● YOUR GOAL
This exercise calls for all the entries that follow to be set down exactly, without their images.

□ □ □ □ □

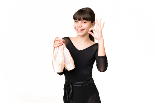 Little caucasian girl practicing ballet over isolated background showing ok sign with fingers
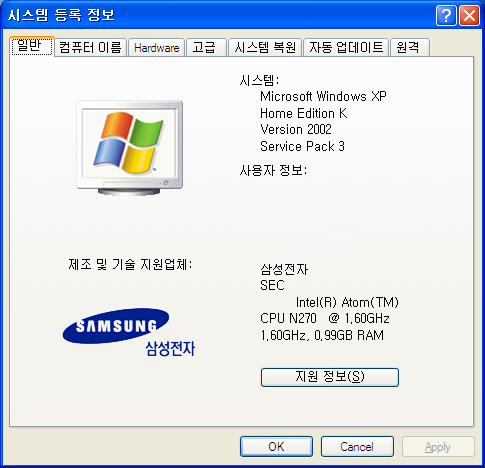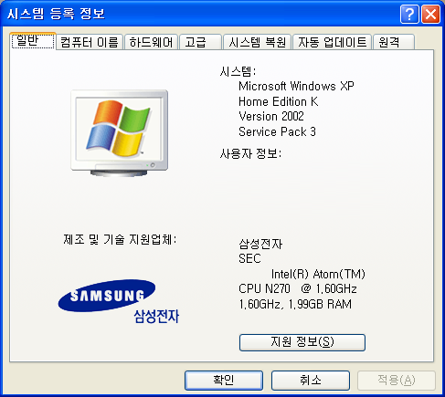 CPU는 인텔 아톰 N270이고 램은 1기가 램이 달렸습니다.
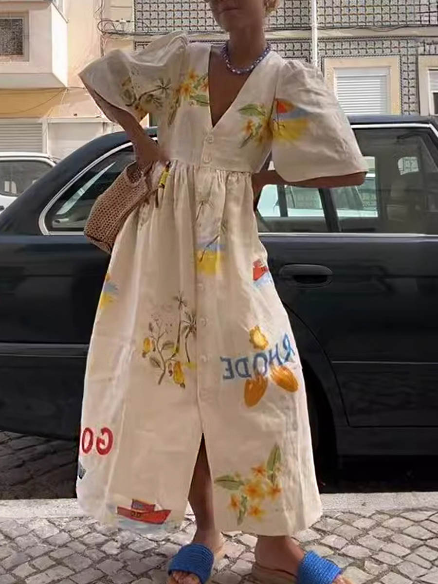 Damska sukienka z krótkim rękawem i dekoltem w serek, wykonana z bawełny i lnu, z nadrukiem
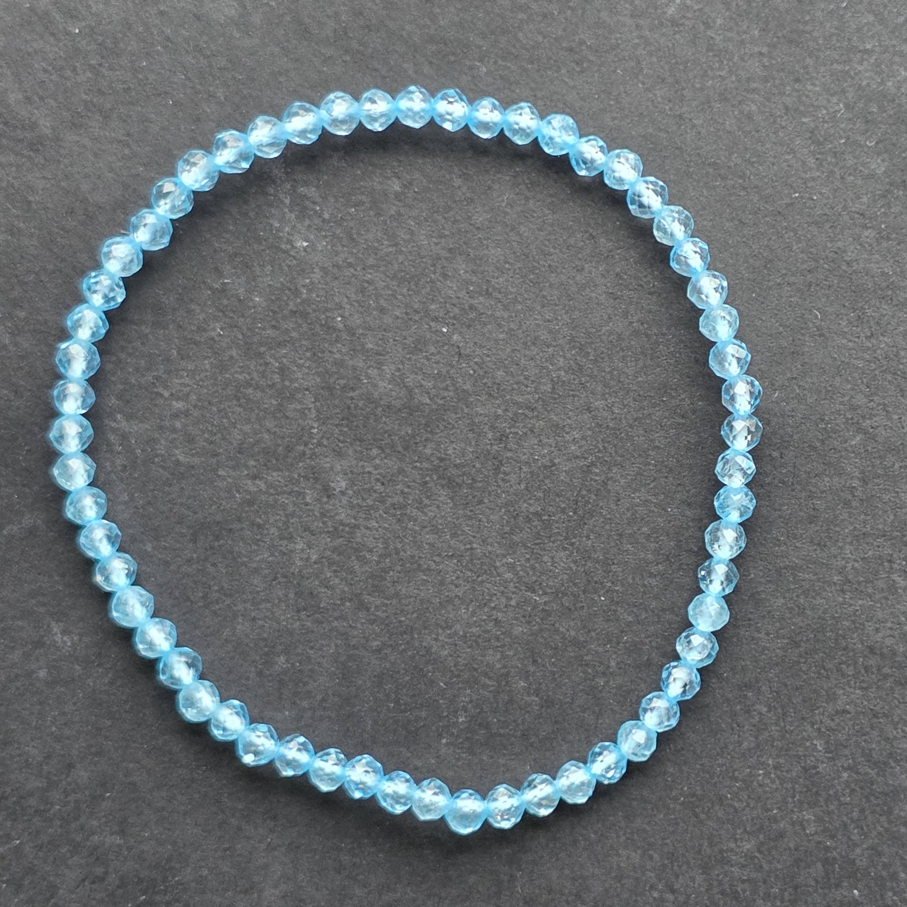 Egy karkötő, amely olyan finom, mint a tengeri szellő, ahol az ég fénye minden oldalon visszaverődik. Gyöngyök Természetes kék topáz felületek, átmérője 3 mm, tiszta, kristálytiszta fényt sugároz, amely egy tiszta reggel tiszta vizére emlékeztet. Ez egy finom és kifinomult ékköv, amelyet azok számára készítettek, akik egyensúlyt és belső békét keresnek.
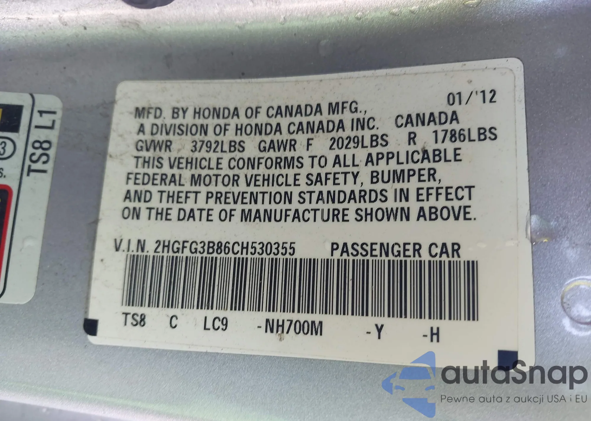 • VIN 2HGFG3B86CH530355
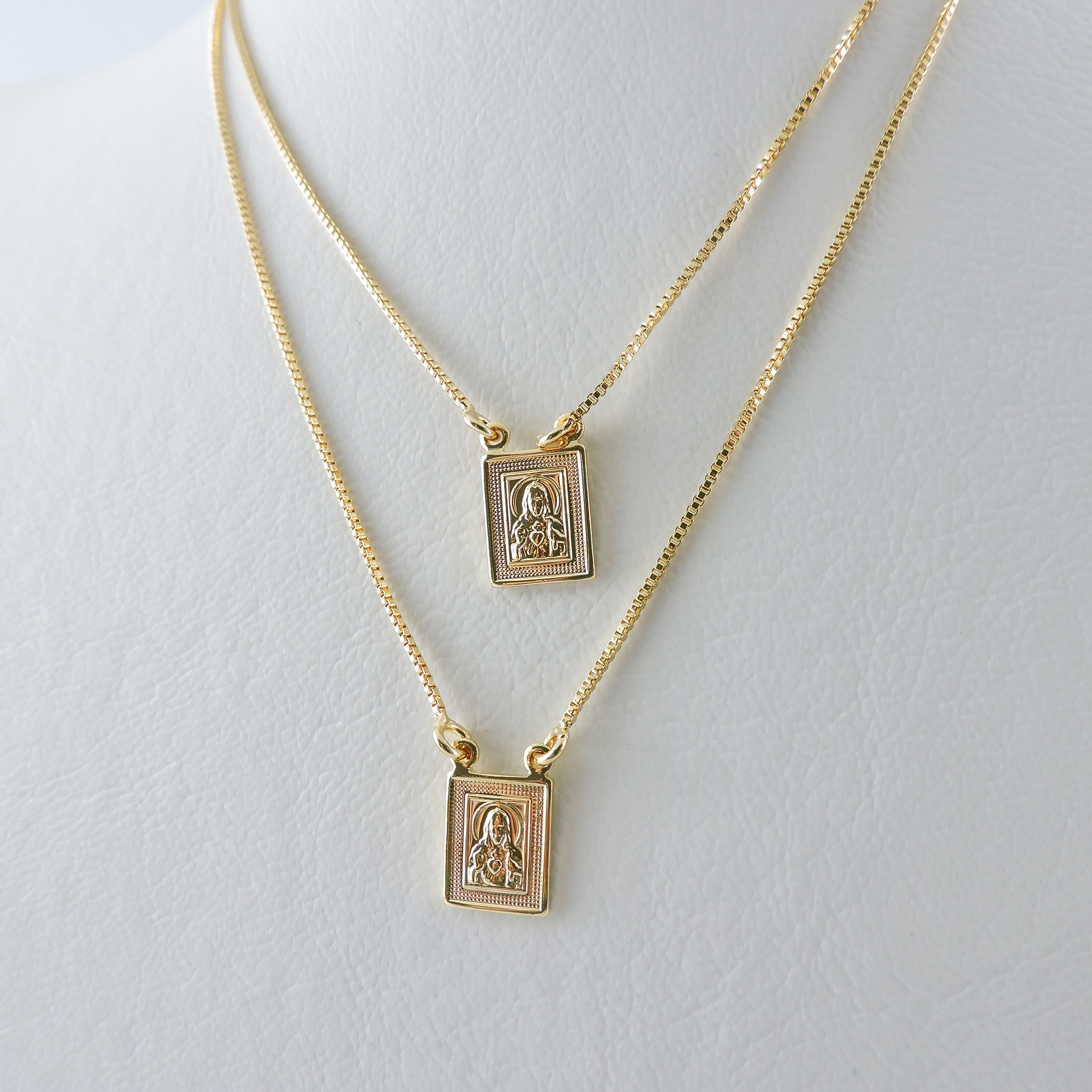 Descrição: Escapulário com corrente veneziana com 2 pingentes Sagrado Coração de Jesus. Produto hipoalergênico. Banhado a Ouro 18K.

□ □ □ □ □

● RESPONSE FOR THIS EXERCISE
 Little caucasian girl practicing ballet over isolated background showing ok sign with fingers
 CPU는 인텔 아톰 N270이고 램은 1기가 램이 달렸습니다.
 Damska sukienka z krótkim rękawem i dekoltem w serek, wykonana z bawełny i lnu, z nadrukiem
 Egy karkötő, amely olyan finom, mint a tengeri szellő, ahol az ég fénye minden oldalon visszaverődik. Gyöngyök Természetes kék topáz felületek, átmérője 3 mm, tiszta, kristálytiszta fényt sugároz, amely egy tiszta reggel tiszta vizére emlékeztet. Ez egy finom és kifinomult ékköv, amelyet azok számára készítettek, akik egyensúlyt és belső békét keresnek.
 • VIN 2HGFG3B86CH530355
 Descrição: Escapulário com corrente veneziana com 2 pingentes Sagrado Coração de Jesus. Produto hipoalergênico. Banhado a Ouro 18K.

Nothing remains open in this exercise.